Almost nobody has done this work. I’ve audited a few engineering organizations on this and the answer is consistently: multiple tools, multiple account types, default settings assumed to be private when they aren’t, zero documentation of which code has potentially been exposed.
That’s not necessarily catastrophic — sending prompts to a cloud API isn’t the same as publishing source code — but for organizations working on unreleased products, proprietary algorithms, or regulated data, it’s at minimum a compliance gap.
The Right Framework
What I now recommend to any engineering team adopting AI tools:
First, inventory what you’re actually using. Not what the IT policy says you’re allowed to use. What developers are actually running. This includes browser extensions, IDE plugins, API-connected notebooks, and personal accounts being used for work purposes.
Second, understand the data tier you’re on. For every tool in that inventory, explicitly check whether your plan tier has contractual training data protections.
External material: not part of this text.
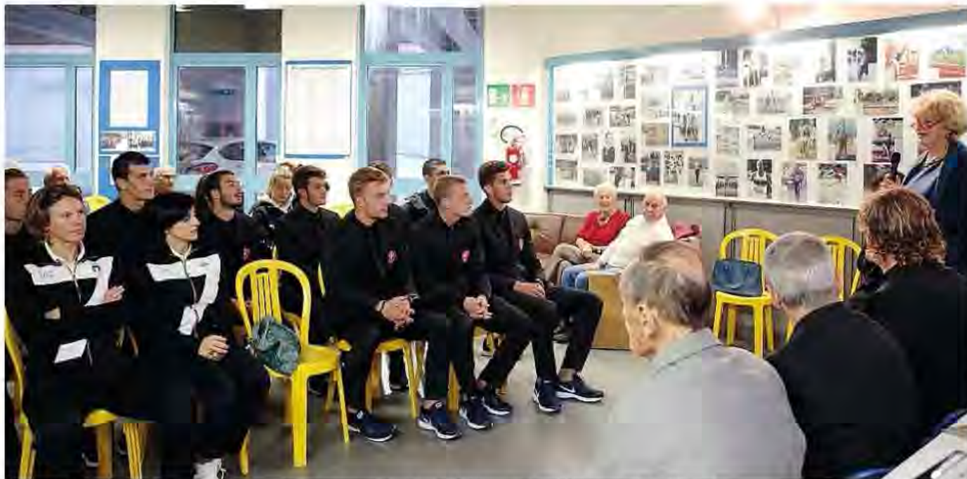
I ragazzi della Triestina assieme agli Azzurri nell'incontro che si svolse ieri sera allo stadio Rocco.

Don’t assume. The pricing page usually doesn’t clarify this; you often have to read the data processing addendum.
Third, evaluate local alternatives for the highest-sensitivity contexts. You probably don’t need a local model for writing unit test boilerplate. You might need one for the part of your codebase that contains your actual competitive advantage.
Fourth, be honest about the tradeoffs. Local models are slower, require infrastructure, and are less capable than frontier cloud models at most tasks. That’s a real cost. Some organizations will decide the capability gap is too large and accept the cloud privacy tradeoffs with appropriate contractual protections. That’s a legitimate choice. Just make it explicitly, not by default.
Willison’s broader point — that you should understand exactly what enters the context of any AI system you use — is the principle underneath all of this. The tool doesn’t decide what’s sensitive. You do. But you can only exercise that judgment if you’ve bothered to think about the question before the code is already uploaded.
The “does it train on my code?” question is good precisely because it’s uncomfortable. The discomfort is the point.